The Glaeser (supply), Mamdani (market power/financialization), Fed (monetary plumbing), Immigrant (demand composition), Ghetto (amenities/order), Boomer (generational balance-sheet effects), and Bubble & Bust (cycle dynamics) Pills aren’t mutually exclusive; housing is one of the most complex and multi-faceted topics, politically and economically speaking. But together we hope these competing narratives form a matrix for diagnosing where constraints truly bind — and which levers have the potential to actually move the needle in the right direction.

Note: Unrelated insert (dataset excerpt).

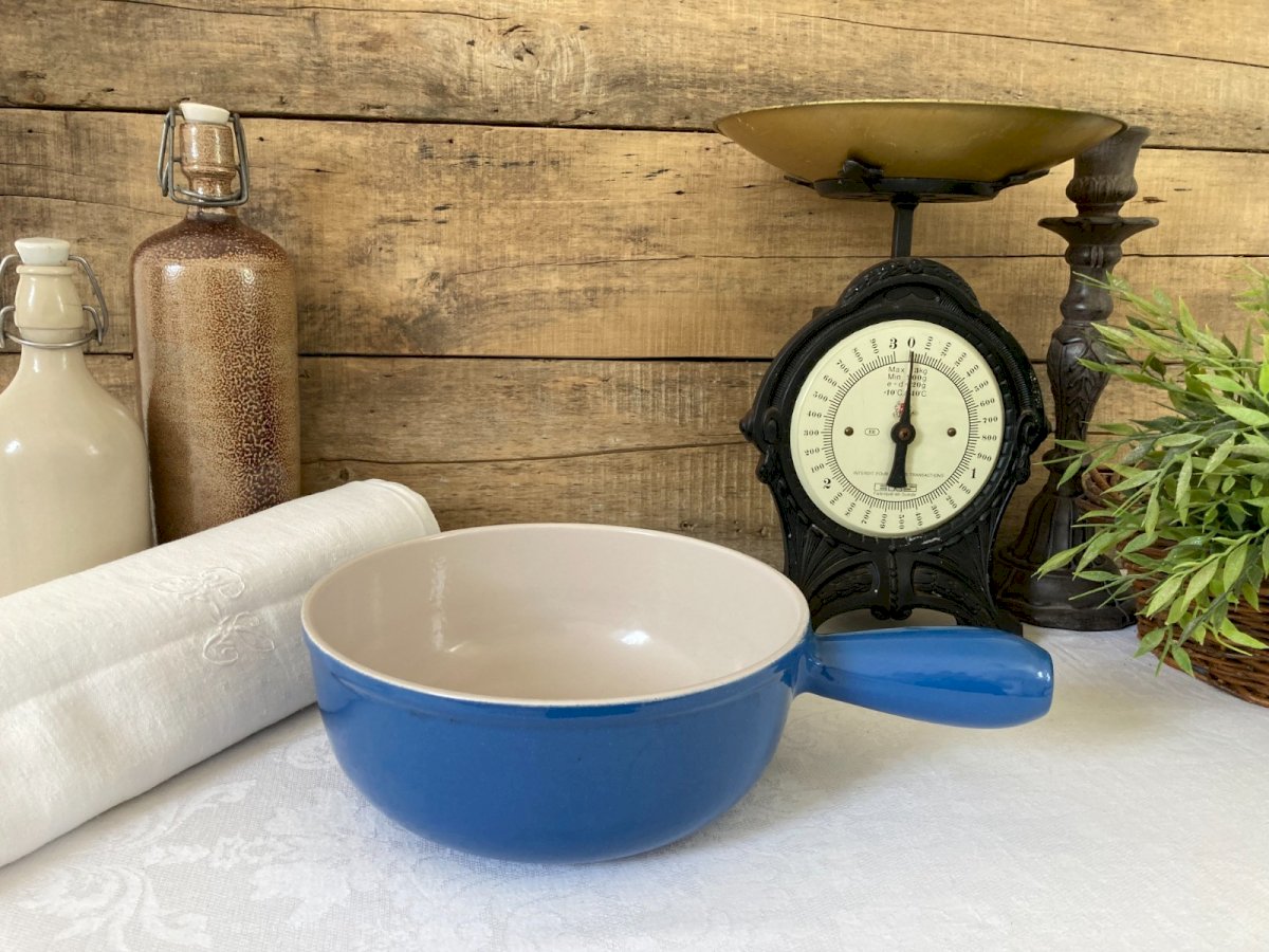 ⚜️ Vintage Le Creuset Caquelon Pan Pot 22 ⚜️ Height 9 cm, Diameter 22 cm Made In France Color Blue Condition: Used: Item has been used. Item shows some superficial signs of wear... Used: Item has been used. Item shows some superficial signs of wear, fully operational and functioning correctly. It may be a demonstration model or an item returned to the store after a short period of use. any possible imperfections. Country of origin: France Color: Blue Brand: Le Creuset Type: Pot Compatible stove types: Electric, Gas
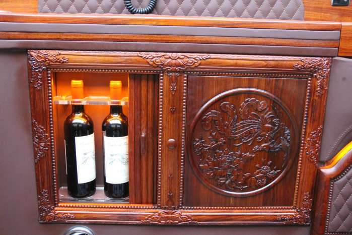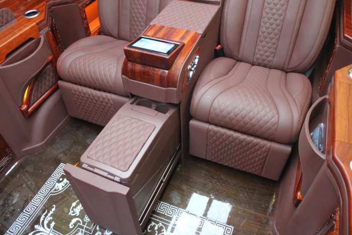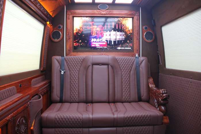 全铝材铸造的中心隔屏将奔驰斯宾特的驾御室与贵宾舱做了一个活络且多变的切开,正是根据此项,置顶规划的42寸SONY液晶电视,高光泽弧面造型的木纹饰板形似聚宝盆,有工风格顺、财运亨通之涵义。

We at Boyd have our priors, but we’ll present each case as its proponents would. Missed an angle? Tell us in the comments👇
Mamdani Pill
The Mamdani Pill represents the trust-busting, “eat the rich” approach to housing — one that’s fundamentally rooted in criticisms of free market pathologies (and, more spicily-said, the fetishization of the “petit-bourgeoisie,” or “mom and pop”). According to this school of thought, chronic unaffordability is less a story of abstract supply and more a product of market power and financialization (Dancygier & Wiedemann 2024), up and down the stack. That is, the argument that major market participants — data providers like Zillow and Redfin; private equity/asset management firms like Blackstone and Greystar; REITs and other institutional landlords; national homebuilders like D.R. Horton and Lennar — are in cahoots, synchronously engineering (or, at least, maintaining) scarcity. Furthermore the argument goes that “they” — private market actors — facilitate this engineered scarcity via unique access to cheap capital, the leveraging of algorithmic price-setting and data advantages, paced building, and coercive eviction policies, among other methods, to extract rents at the expense of a community’s basic needs.1
Adherents to this pill are ambitious in the egalitarian sense; they put a very high value on “economic freedom,” tying it directly to the threat of monopolies and maintain that concentrated corporate power erodes liberty and democratic institutions. They view housing’s transformation from shelter into a yield-bearing financial asset as both symptom and cause of this broader democratic decay.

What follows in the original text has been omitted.